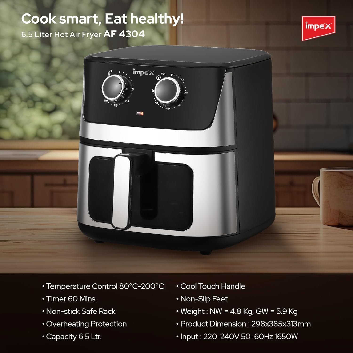 IMPEX 6L Mechanical Air Fryer – 6L Big Pot, 5.8L Non-Stick Frying Basket, 80-200°C Temperature Setting, 60 Min Timer, With 2 year Warranty Black-AF 4304
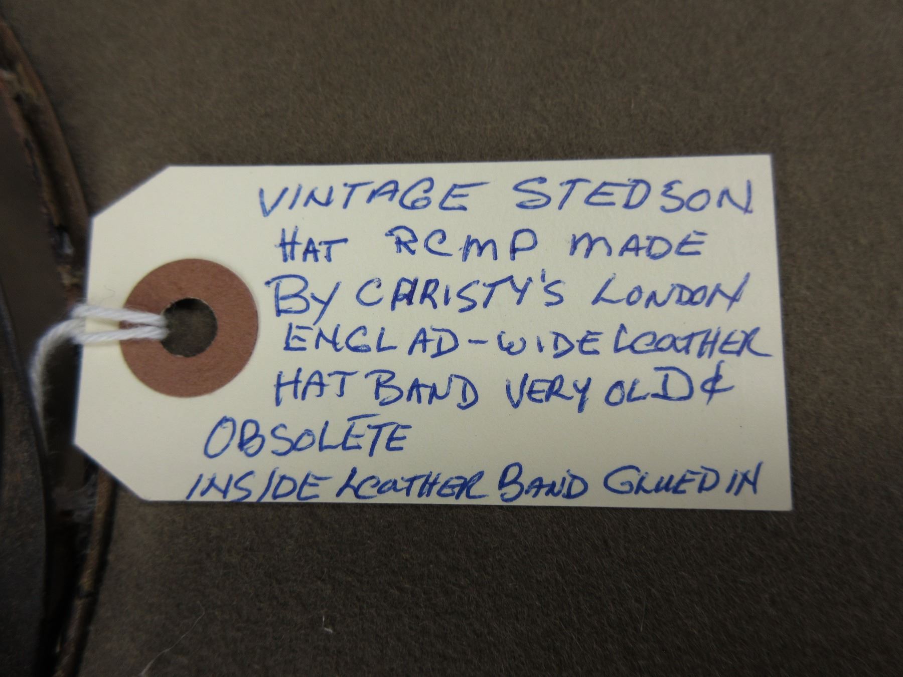 RCMP Vintage Stetson approximately 1920's to 1930's - Made by Christy's London England, inside band has been glued in so we can't find a size but inside circumference is 22 inches.
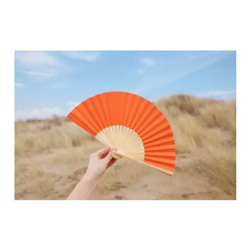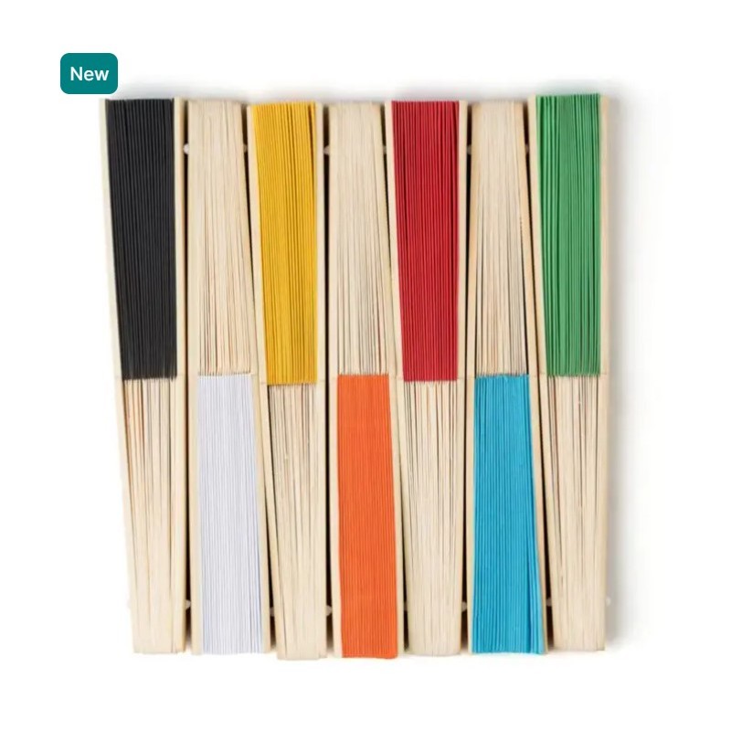 Bamboo hand held fan with paper fabric. Packaged in bulk.
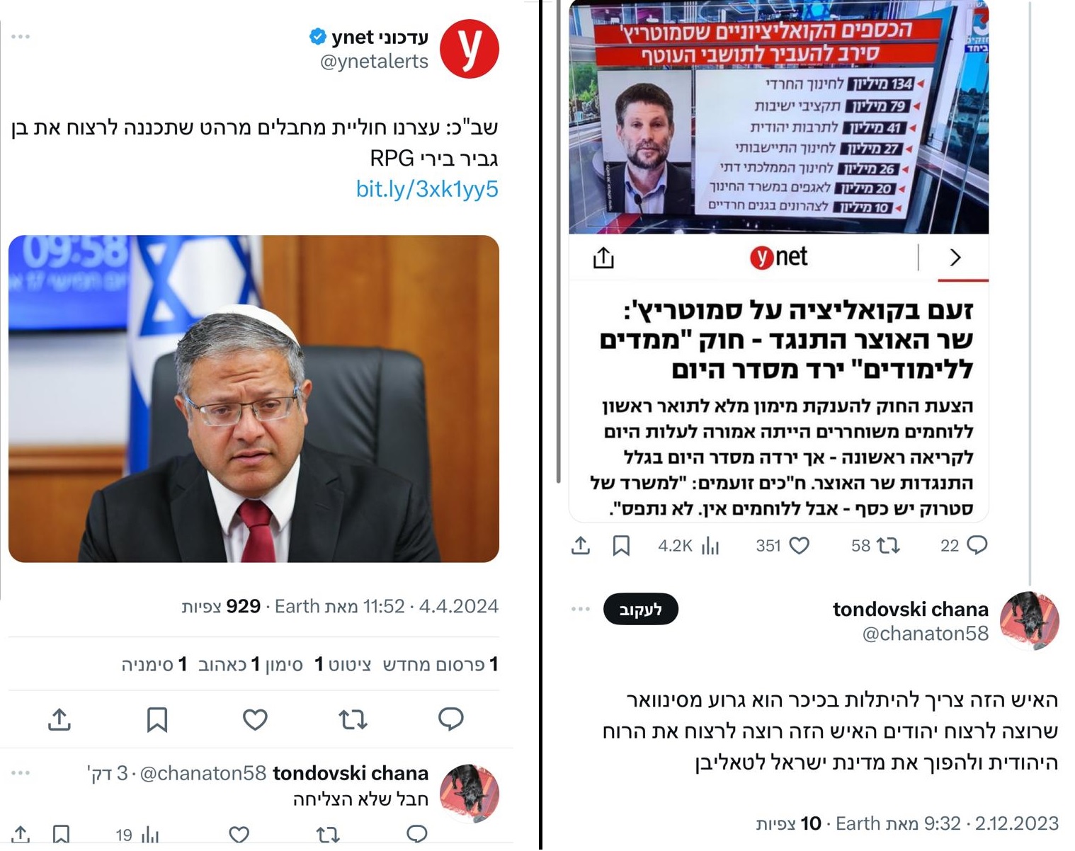 כך למשל, בתגובה לפרסום היום על חוליית מחבלים שנעצרה בחשד שתכננה לרצוח את השר בן גביר, פורסמה תגובה בה נכתב: "חבל שלא הצליחה" (4 אפריל). בתגובה נוספת נכתב מאותו חשבון נכתב: "אני מציעה לערבים לחטוף את בן גביר וסמוטריץ'".
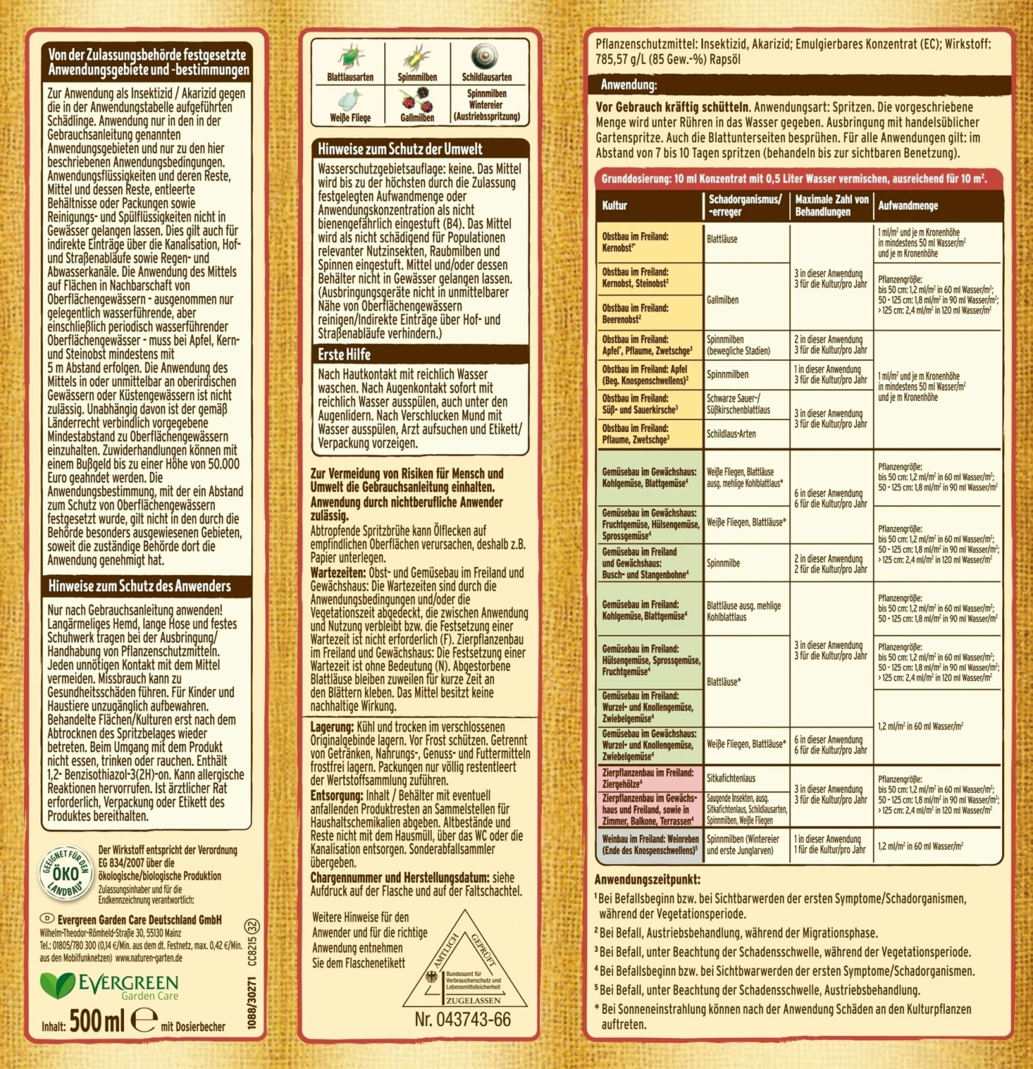 Die abgestorbenen Blattläuse können für kurze Zeit an den Blättern kleben bleiben. Das Konzentrat verfügt über keine nachhaltige Wirkung. Die Spritzbrühe könnte auf empfindlichen Oberflächen Ölflecken verursachen. (Zum Schutz – Papier unterlegen.)
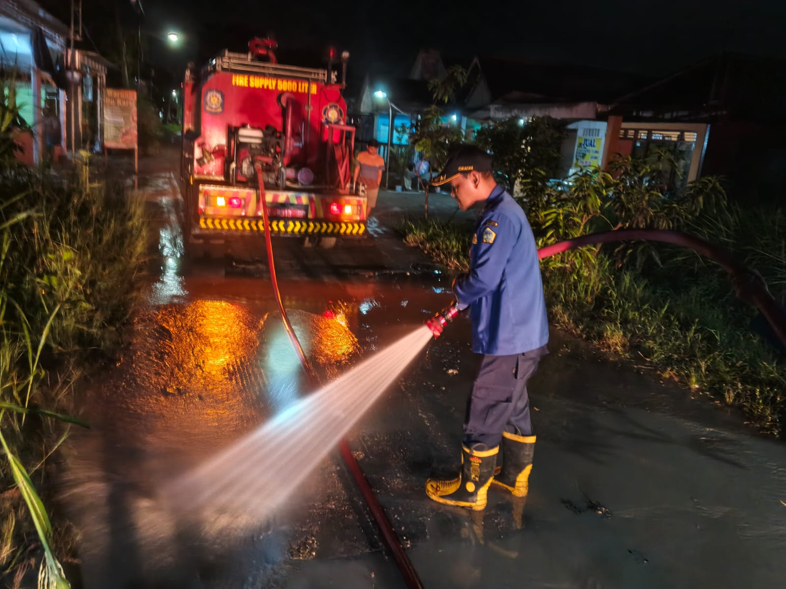 Penyemprotan ini dilakukan setelah warga melaporkan kondisi jalan yang membahayakan akibat ceceran tanah dari aktivitas proyek pengurukan KDMP yang melintas di kawasan tersebut.
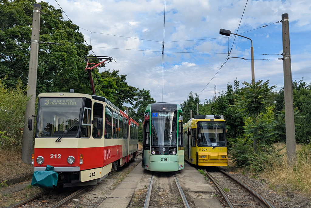 bestehend aus Tatrawagen 212, Škodawagen 316 und GT6M 307, in der
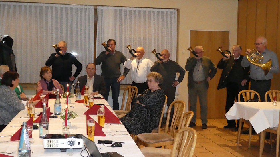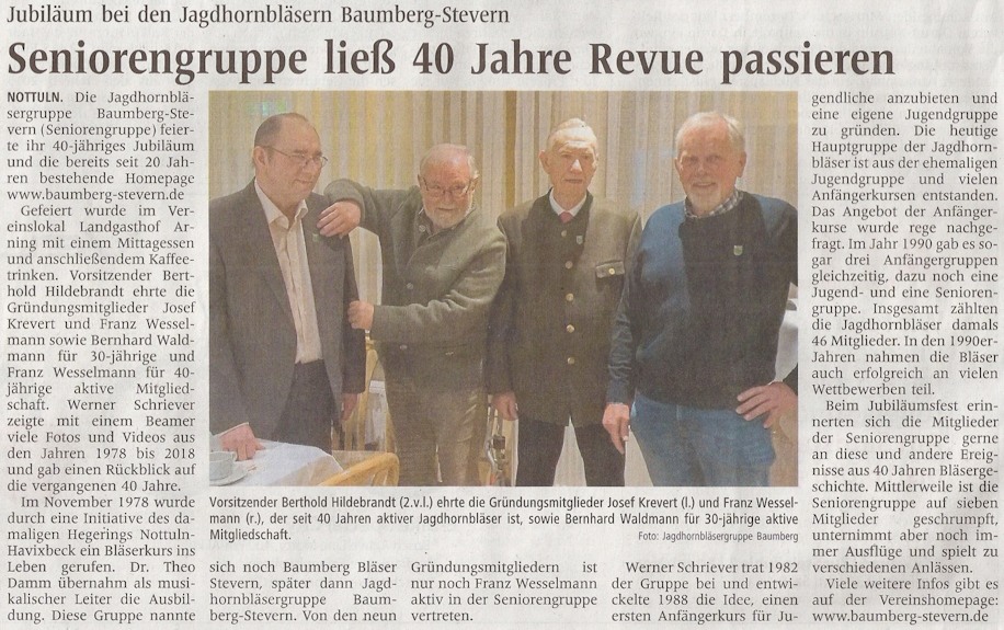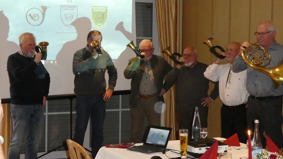 vom Vorsitzenden Berthold Hildebrandt. Die Seniorengruppe macht aber noch immer Ausflüge und spielt zu Auftritten usw. mit ihren Jagdhörnern. Beim 40jährigen Jubiläum hatten die Senioren Baumberg-Stevern am 25. November im Vereinslokal Arning viel Freude bei der Rückblick-Präsentation und ließen den Tag mit Kaffee und Kuchen ausklingen. Bilder vom Jubiläum
• • • •
-- What is being asked --
Omit all images when repeating the data above exactly.

-- Response --
 IMPEX 6L Mechanical Air Fryer – 6L Big Pot, 5.8L Non-Stick Frying Basket, 80-200°C Temperature Setting, 60 Min Timer, With 2 year Warranty Black-AF 4304
 RCMP Vintage Stetson approximately 1920's to 1930's - Made by Christy's London England, inside band has been glued in so we can't find a size but inside circumference is 22 inches.
 Bamboo hand held fan with paper fabric. Packaged in bulk.
 כך למשל, בתגובה לפרסום היום על חוליית מחבלים שנעצרה בחשד שתכננה לרצוח את השר בן גביר, פורסמה תגובה בה נכתב: "חבל שלא הצליחה" (4 אפריל). בתגובה נוספת נכתב מאותו חשבון נכתב: "אני מציעה לערבים לחטוף את בן גביר וסמוטריץ'".
 Die abgestorbenen Blattläuse können für kurze Zeit an den Blättern kleben bleiben. Das Konzentrat verfügt über keine nachhaltige Wirkung. Die Spritzbrühe könnte auf empfindlichen Oberflächen Ölflecken verursachen. (Zum Schutz – Papier unterlegen.)
 Penyemprotan ini dilakukan setelah warga melaporkan kondisi jalan yang membahayakan akibat ceceran tanah dari aktivitas proyek pengurukan KDMP yang melintas di kawasan tersebut.
 bestehend aus Tatrawagen 212, Škodawagen 316 und GT6M 307, in der
 vom Vorsitzenden Berthold Hildebrandt. Die Seniorengruppe macht aber noch immer Ausflüge und spielt zu Auftritten usw. mit ihren Jagdhörnern. Beim 40jährigen Jubiläum hatten die Senioren Baumberg-Stevern am 25. November im Vereinslokal Arning viel Freude bei der Rückblick-Präsentation und ließen den Tag mit Kaffee und Kuchen ausklingen. Bilder vom Jubiläum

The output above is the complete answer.